Having lived and worked there (and having a Singaporean father) this mentality
does not surprise me at all. The national propaganda machine indoctrinates
their citizens to believe it is the greatest most successful place in the
world, and a curious kind of arrogance arises from it. This is not to say that
other nations are not guilty of these practices, but I certainly notice it
when I deal with Singaporeans

------
erispoe
An important point is the social conservatism of Singapore, which I suspect
plays an important role in repelling a large number of people. I don't think
it's a complete coincidence that startup hubs emerge in places that are
relatively libertarian in regards to social values and open to counter
culture.

Singapore sends a "not welcome here" message to many people: gays, hiv
positive, marijuana consumers... As long as the country sticks to dictating
citizens and residents how they should behave, including in private, they will
have trouble attracting and growing an engineering class.

For a startup culture to emerge, you need to allow, and even welcome,
experimentations off the beaten tracks.
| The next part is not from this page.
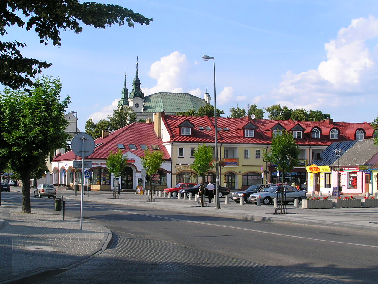 autor: Yarek shalom 14:01, 23 October 2006 (UTC)yarek shalom

That's hardly compatible with social
authoritarianism.

------
jernfrost
I have entertained the thought of working in Singapore. It appeals living
somewhere with bette climate, cheap to go out eating, big city etc. I live in
Oslo, Norway and have a certain fascination for Singapore, it coincidentally
having almost the same GDP and population as Norway, but a completely
different society.

I am not sure if anyone here could comment on some of concerns with working in
Singapore.

1) What is work-life balance like? From Norway I am used to employees
respecting that people have a life outside of work, needs of children and
family, 5 week vacation etc.

2) What is management and company organizations like, are they very
hierarchical or flat in a software company? Do they micromanage or give you a
lot of trust to solve problems the best way you see fit?
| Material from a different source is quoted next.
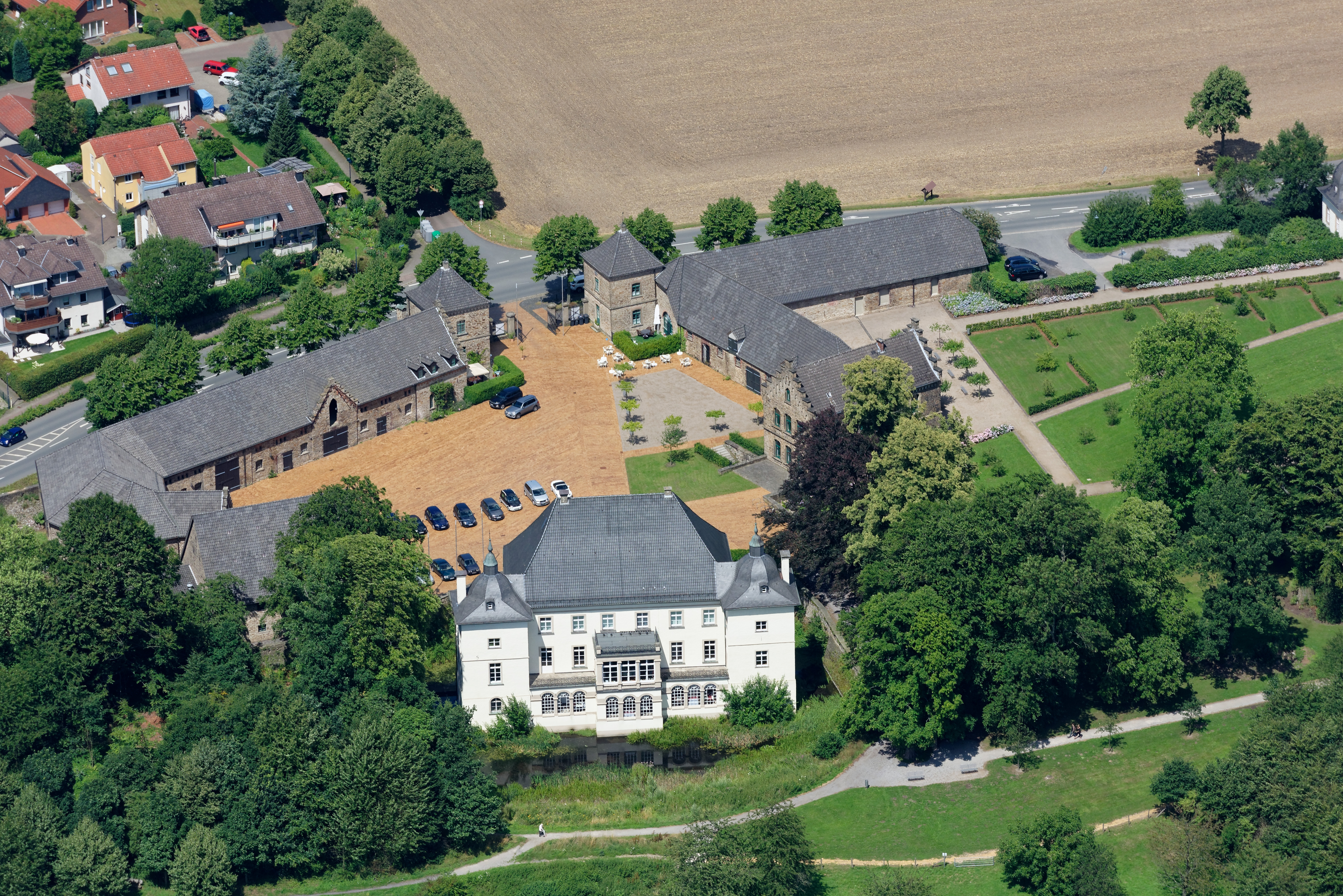 Luftaufnahme von Haus Opherdicke von Süden The making of this document was supported by the Community-Budget of Wikimedia Germany.

3) How does health care work for expats. You get that yourself or does the
company pay?

How easy is it to live there without a car? Like how well does public
transport work, or how cheap/hard/easy is it to get transport services for
moving, installing furniture etc.

In Norway it always cost a lot to pay somebody to help you with anything, so
you are always forced to do a lot of stuff yourself. It is not without reason
that IKEA originates from Scandinavia. I had the impression that in Singapore
it might be much cheaper and easier to pay people for various services.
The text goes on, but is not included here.